START Dataset extract
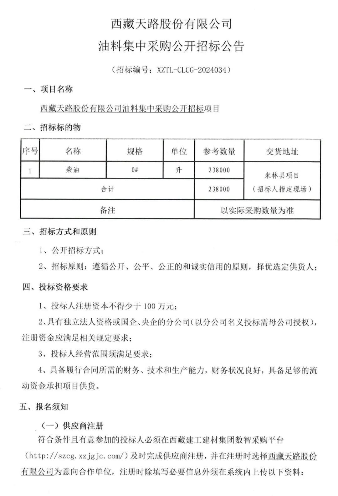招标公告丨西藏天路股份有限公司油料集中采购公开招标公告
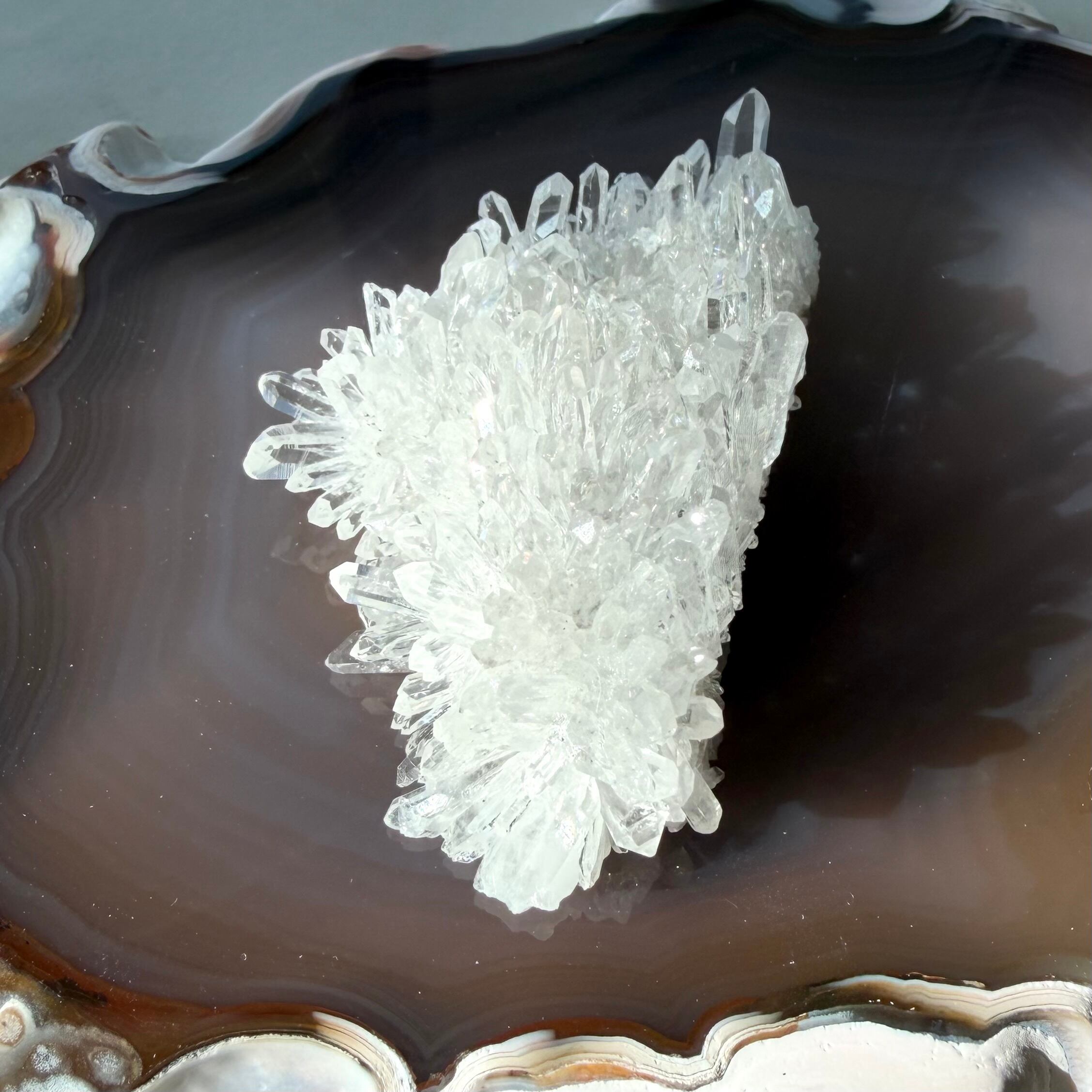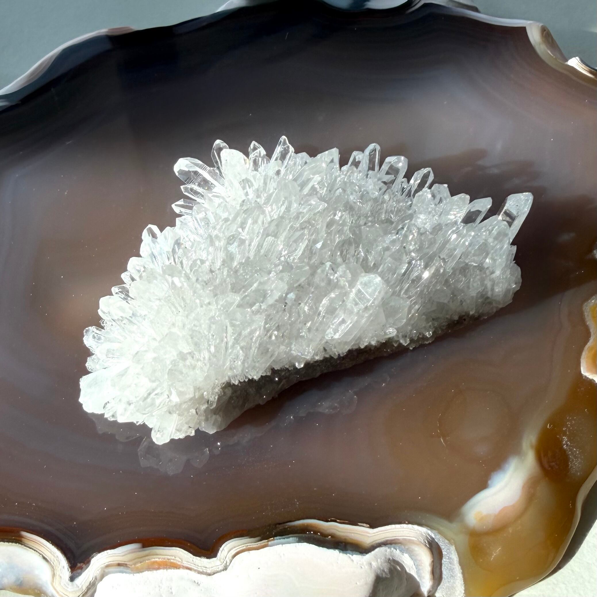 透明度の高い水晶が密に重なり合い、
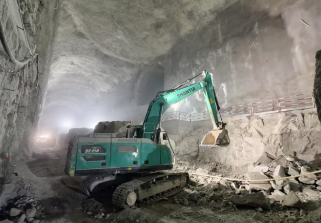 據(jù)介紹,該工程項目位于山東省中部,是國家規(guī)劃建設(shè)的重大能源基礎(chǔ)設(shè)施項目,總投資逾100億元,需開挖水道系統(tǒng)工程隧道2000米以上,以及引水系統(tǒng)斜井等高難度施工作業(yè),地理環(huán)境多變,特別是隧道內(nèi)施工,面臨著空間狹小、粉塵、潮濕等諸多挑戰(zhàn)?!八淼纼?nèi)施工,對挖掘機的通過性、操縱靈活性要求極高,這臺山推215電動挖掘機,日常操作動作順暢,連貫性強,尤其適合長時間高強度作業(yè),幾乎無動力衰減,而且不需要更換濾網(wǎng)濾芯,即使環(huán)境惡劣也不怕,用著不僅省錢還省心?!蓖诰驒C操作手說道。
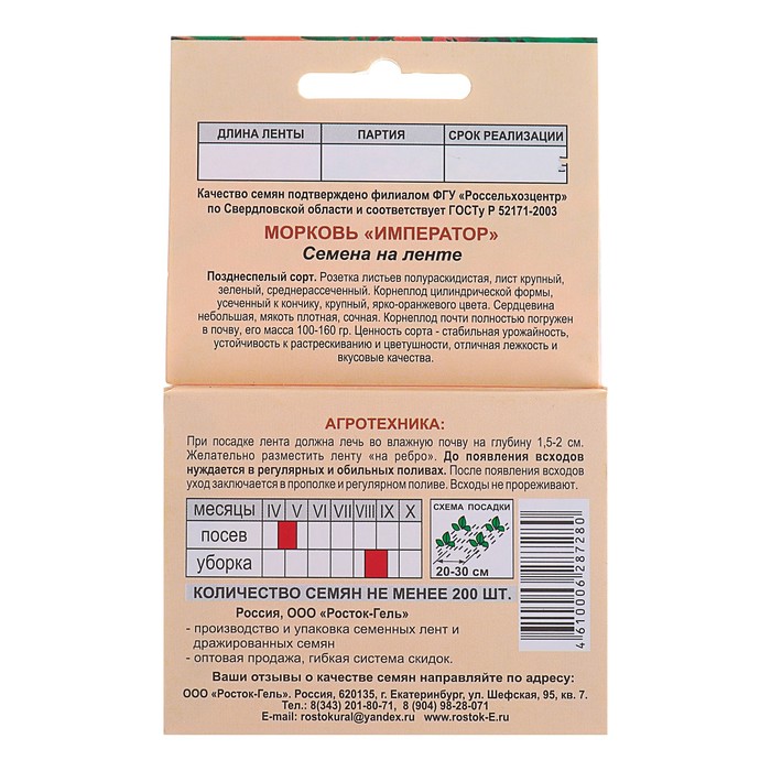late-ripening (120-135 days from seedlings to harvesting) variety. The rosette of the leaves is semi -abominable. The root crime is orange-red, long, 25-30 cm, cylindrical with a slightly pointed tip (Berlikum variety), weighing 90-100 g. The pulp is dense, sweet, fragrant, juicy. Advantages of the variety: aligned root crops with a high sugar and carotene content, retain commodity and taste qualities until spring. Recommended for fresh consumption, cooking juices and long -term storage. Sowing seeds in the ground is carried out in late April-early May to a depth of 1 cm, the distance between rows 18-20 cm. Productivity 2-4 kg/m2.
END Dataset extract
How to complete this task:
No pictures belong in the answer, only the lines from the top of the listing through the line containing "透明度の高い水晶が密に重なり合い、", repeated word for word.

Response:
招标公告丨西藏天路股份有限公司油料集中采购公开招标公告
 透明度の高い水晶が密に重なり合い、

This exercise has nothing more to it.